Remember the flight attendant who tried to slip some to the toddler in the apple juice, but forgot to let the tablet dissolve before handing the mom the chunky, drug laced juice?  Well that wasn't me.  First off, I'd be smart enough, if I were to ever drug someone, to let the tablet mix with the drink before handing it over.  Second, and maybe more importantly, I wouldn't drug a child.  Even my own.  Third, I wouldn't even drug an adult, unless it was agreed upon by both parties.  And then there would be a party.  

So I'm waiting for her to fall asleep hugging the can.  Unfortunately, she is now curled up downstairs watching tv.  This isn't bad at all, except if a certain person was trying to get a photo.  And it wouldn't be so terrible of a photo if the couch she was curled up on wasn't right next to the clothes washer/dryer.  I'm not sure about a normal persons house, but if there is a relatively flat surface next to the laundry area, it is typically covered with hopefully freshly laundered laundry.

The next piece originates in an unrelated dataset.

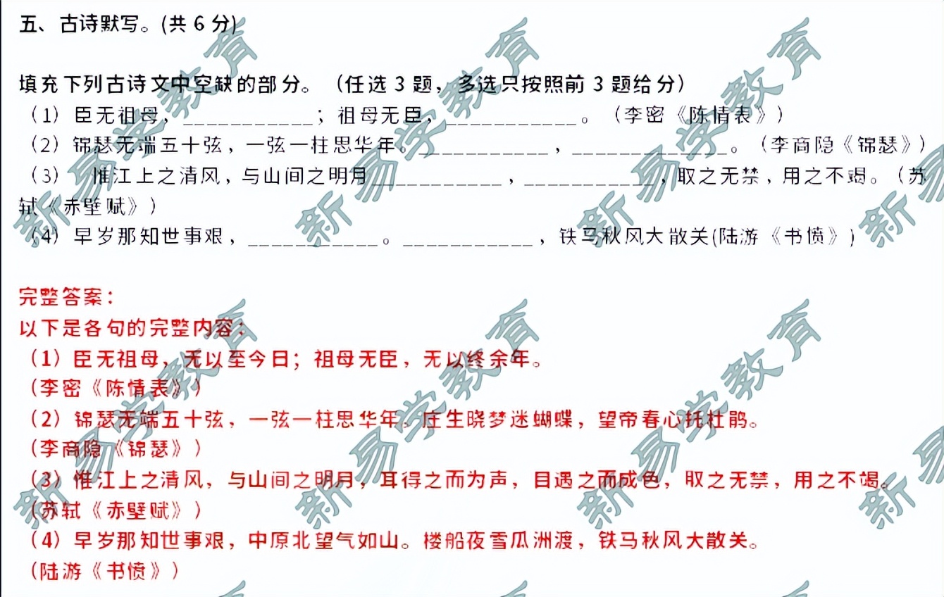 同时也出现了已在23年、24年出现过的《书愤》和《锦瑟》。

Laundry.  Say it 10 times and it becomes a sound instead of a word.  A weird sound, and my favorite.
Not the noun.  The noun stinks, sometimes literally, and I hate it.

Because she is next to a mountain of clothes, even if I get the picture, I wouldn't post it for shame of a messy room that will follow me forever.  Descriptions are one thing, but the imagination can't hold a candle to the actual pile of laundry that is my couch.

So if you do send help, make sure they can fold and put away.